### About this task
Find the line below with "会上,副院长王志兵针对期中教" and the line with "表面に油膜みたいなものが張っ". Output exactly those lines and everything between them, leaving out the pictures.

§ §

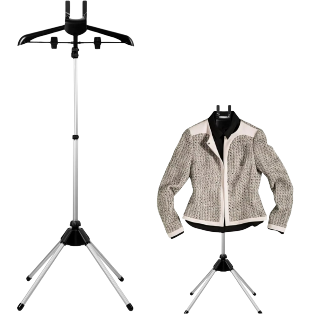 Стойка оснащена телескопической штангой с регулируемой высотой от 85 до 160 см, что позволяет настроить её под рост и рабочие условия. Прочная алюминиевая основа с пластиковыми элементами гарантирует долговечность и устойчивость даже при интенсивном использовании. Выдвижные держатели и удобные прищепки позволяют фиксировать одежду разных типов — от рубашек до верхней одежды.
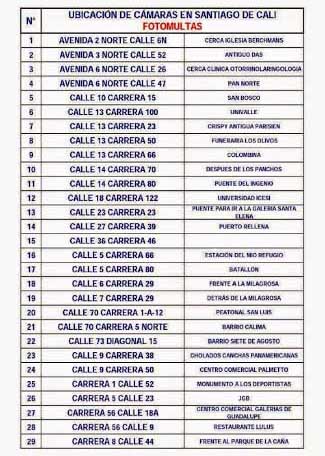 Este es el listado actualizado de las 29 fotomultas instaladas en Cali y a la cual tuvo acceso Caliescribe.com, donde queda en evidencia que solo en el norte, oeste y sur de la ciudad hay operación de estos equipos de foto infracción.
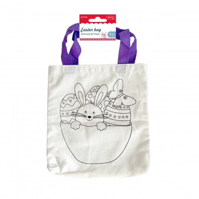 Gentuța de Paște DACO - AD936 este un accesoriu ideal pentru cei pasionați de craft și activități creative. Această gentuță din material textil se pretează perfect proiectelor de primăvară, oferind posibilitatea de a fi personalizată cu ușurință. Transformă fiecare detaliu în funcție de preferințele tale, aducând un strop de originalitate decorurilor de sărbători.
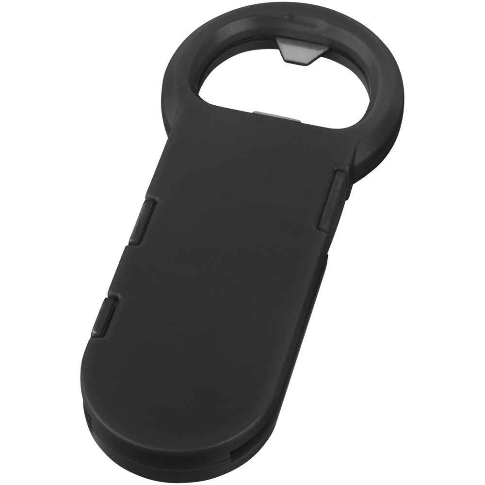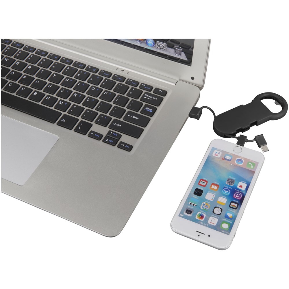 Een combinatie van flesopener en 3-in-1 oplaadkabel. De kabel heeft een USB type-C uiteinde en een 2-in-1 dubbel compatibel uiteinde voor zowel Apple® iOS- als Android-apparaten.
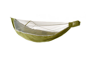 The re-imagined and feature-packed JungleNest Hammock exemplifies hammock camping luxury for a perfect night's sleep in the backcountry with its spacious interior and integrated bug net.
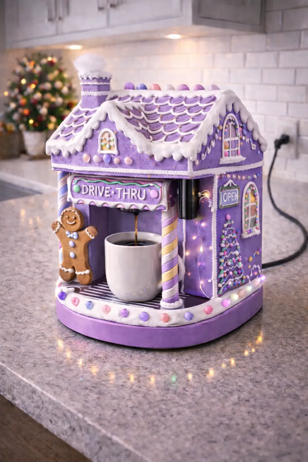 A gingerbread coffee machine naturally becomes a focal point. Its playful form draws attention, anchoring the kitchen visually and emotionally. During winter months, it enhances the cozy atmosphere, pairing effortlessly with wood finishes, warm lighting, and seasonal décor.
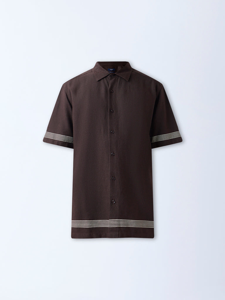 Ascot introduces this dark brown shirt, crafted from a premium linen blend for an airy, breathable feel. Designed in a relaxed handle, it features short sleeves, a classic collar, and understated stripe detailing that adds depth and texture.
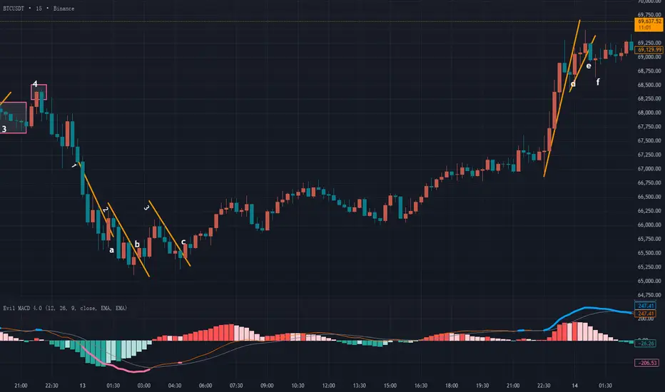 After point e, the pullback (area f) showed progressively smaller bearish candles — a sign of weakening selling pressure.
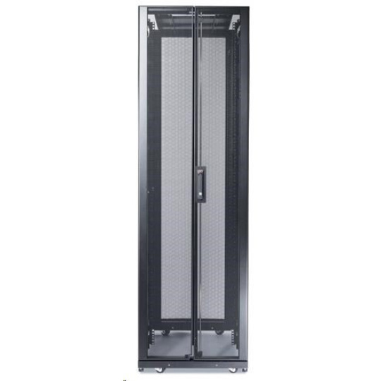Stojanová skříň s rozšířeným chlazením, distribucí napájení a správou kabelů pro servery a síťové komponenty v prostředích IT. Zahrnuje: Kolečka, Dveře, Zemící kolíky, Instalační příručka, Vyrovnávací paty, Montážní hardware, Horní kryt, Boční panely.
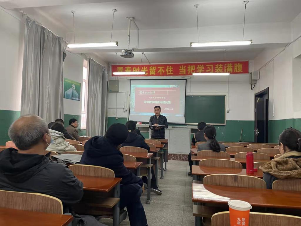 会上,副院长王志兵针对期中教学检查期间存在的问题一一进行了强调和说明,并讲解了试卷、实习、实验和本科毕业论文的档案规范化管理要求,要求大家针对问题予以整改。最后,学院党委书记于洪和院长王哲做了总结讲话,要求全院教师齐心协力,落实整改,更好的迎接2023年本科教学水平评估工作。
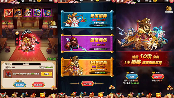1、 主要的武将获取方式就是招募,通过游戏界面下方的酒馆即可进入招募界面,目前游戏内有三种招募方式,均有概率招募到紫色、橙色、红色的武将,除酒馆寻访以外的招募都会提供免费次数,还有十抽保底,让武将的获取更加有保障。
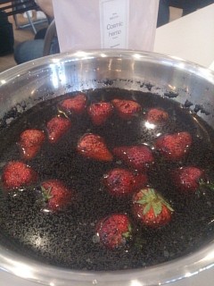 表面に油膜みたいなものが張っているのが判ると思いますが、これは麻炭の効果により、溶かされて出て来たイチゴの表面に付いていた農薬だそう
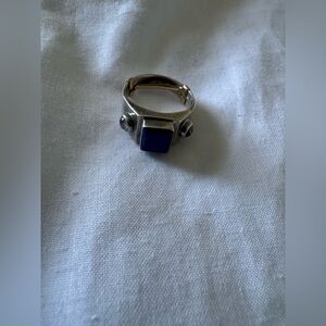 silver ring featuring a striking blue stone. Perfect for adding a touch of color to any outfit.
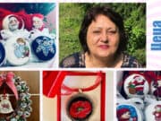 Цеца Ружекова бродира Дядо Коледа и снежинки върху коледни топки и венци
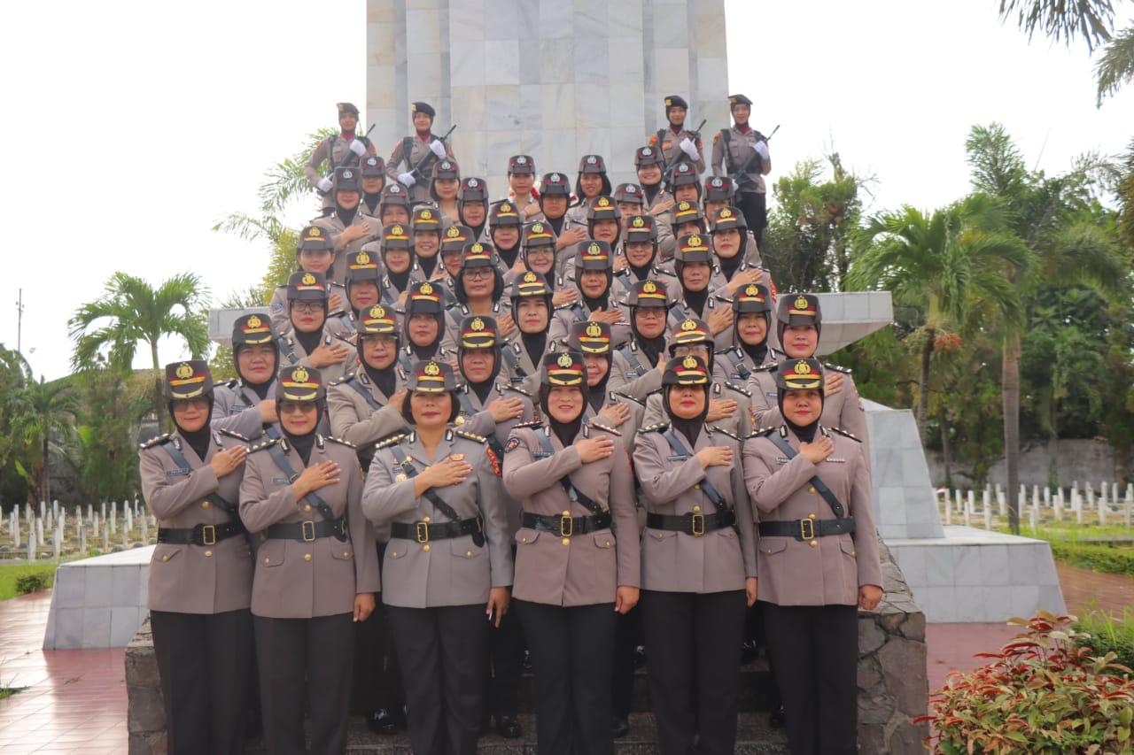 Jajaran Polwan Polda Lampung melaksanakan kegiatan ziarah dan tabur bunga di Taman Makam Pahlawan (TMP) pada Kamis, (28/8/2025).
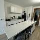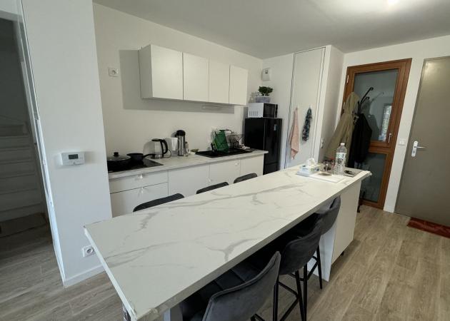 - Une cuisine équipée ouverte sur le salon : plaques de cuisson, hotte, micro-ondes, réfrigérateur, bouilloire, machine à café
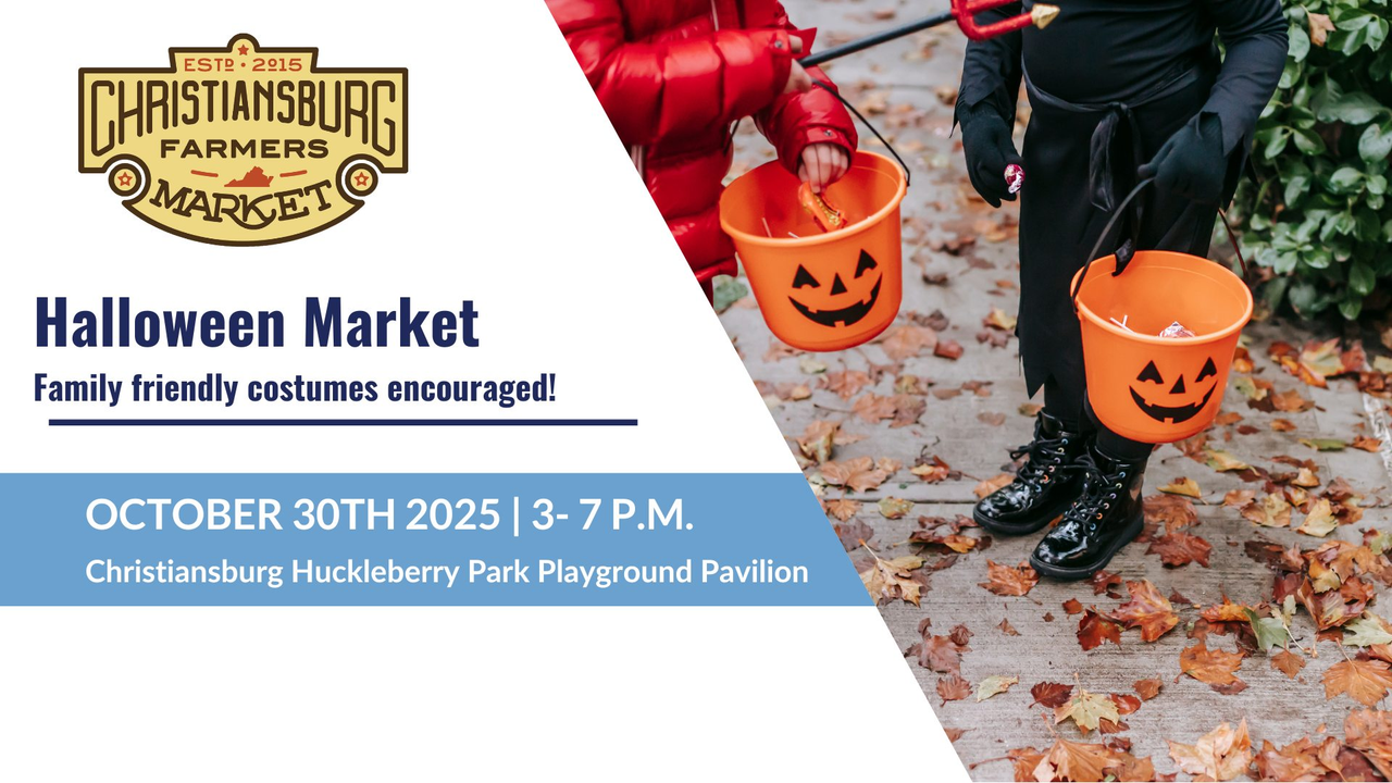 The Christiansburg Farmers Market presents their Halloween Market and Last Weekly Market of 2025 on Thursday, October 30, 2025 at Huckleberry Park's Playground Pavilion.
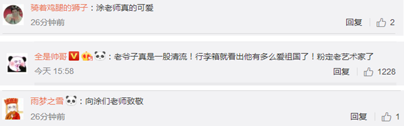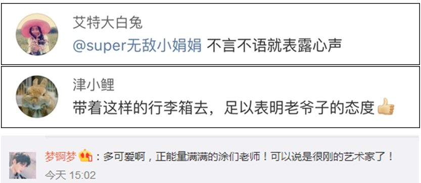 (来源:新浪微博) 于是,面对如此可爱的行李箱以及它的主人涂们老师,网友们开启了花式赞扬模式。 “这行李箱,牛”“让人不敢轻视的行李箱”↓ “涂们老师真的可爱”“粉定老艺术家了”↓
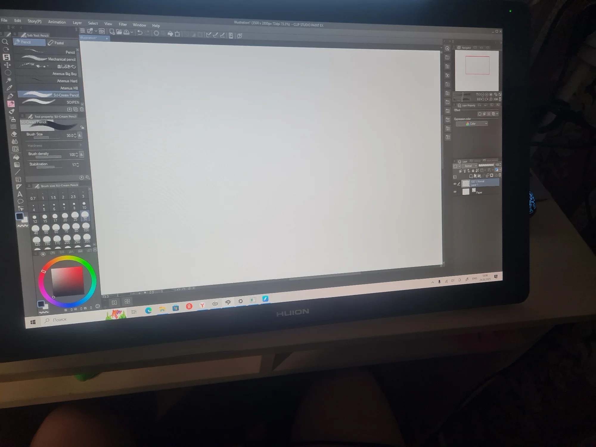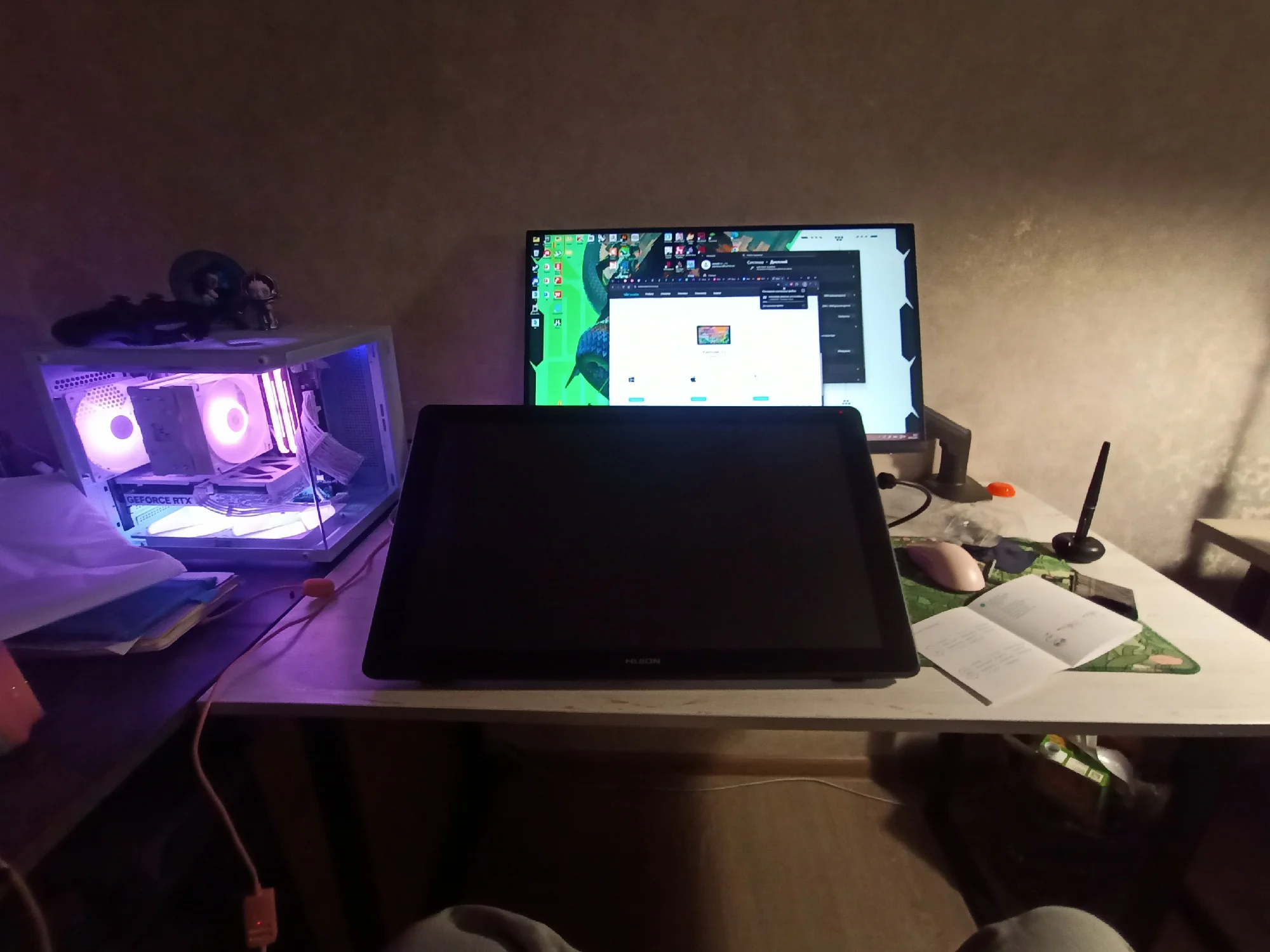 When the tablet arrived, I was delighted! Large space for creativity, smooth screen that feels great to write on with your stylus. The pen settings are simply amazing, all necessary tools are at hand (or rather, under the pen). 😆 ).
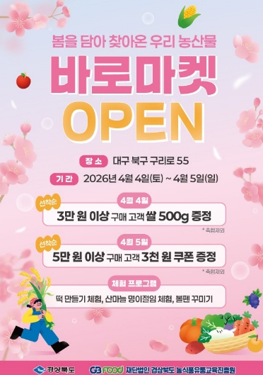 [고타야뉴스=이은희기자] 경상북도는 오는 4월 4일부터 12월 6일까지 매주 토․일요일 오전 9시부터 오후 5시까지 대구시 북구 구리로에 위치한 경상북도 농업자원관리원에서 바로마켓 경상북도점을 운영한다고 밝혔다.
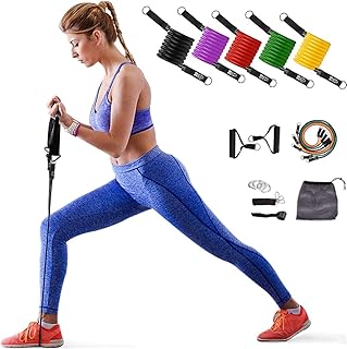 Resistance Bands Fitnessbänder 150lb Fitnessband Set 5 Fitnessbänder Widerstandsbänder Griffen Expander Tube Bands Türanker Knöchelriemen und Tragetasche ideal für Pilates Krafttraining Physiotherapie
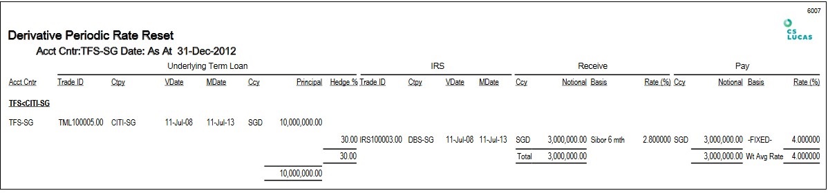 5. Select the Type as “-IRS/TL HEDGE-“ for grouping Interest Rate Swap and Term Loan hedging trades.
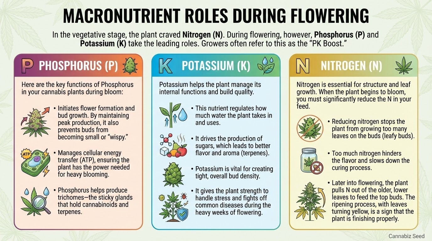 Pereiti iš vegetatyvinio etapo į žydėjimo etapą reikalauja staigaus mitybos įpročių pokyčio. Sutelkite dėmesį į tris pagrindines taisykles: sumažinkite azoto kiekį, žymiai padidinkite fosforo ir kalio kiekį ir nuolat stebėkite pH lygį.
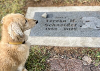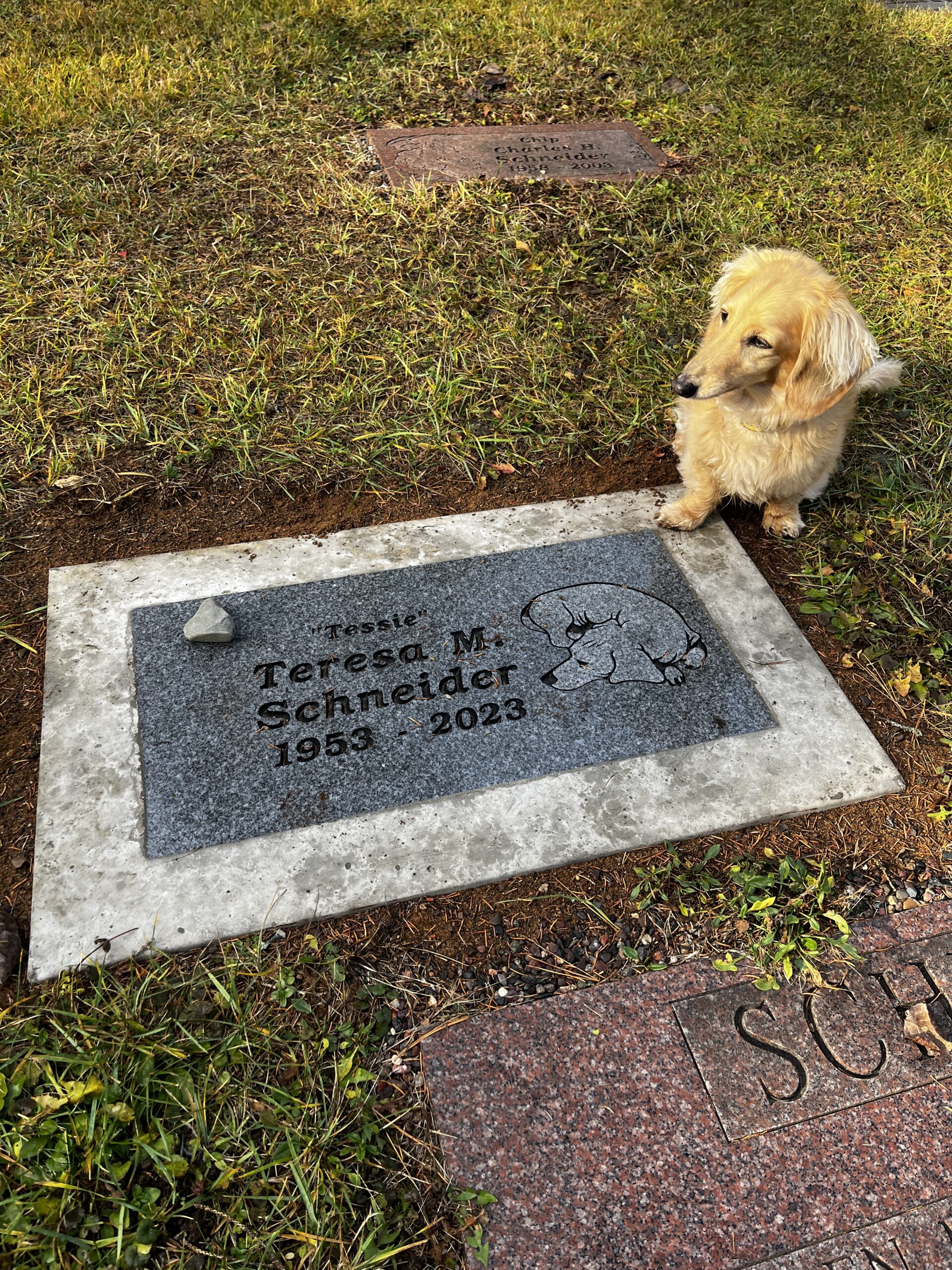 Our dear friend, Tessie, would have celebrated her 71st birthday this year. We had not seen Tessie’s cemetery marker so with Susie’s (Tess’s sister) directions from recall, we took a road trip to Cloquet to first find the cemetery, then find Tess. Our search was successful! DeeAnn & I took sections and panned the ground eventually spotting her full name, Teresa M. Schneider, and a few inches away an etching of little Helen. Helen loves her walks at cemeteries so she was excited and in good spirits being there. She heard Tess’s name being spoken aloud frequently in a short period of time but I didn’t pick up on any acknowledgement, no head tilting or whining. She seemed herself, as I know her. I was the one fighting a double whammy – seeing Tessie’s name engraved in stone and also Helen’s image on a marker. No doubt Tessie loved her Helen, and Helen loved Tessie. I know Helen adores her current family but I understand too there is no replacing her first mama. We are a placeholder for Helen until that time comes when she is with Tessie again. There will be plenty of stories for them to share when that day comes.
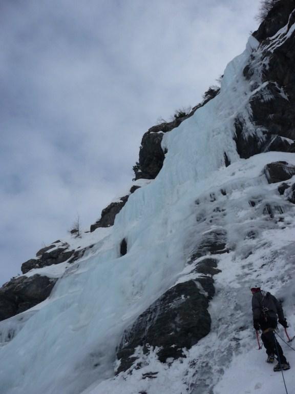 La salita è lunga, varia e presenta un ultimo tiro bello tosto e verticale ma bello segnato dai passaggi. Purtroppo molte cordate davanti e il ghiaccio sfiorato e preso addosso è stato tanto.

§ §

### Exercise answer
 会上,副院长王志兵针对期中教学检查期间存在的问题一一进行了强调和说明,并讲解了试卷、实习、实验和本科毕业论文的档案规范化管理要求,要求大家针对问题予以整改。最后,学院党委书记于洪和院长王哲做了总结讲话,要求全院教师齐心协力,落实整改,更好的迎接2023年本科教学水平评估工作。
1、 主要的武将获取方式就是招募,通过游戏界面下方的酒馆即可进入招募界面,目前游戏内有三种招募方式,均有概率招募到紫色、橙色、红色的武将,除酒馆寻访以外的招募都会提供免费次数,还有十抽保底,让武将的获取更加有保障。
 表面に油膜みたいなものが張っているのが判ると思いますが、これは麻炭の効果により、溶かされて出て来たイチゴの表面に付いていた農薬だそう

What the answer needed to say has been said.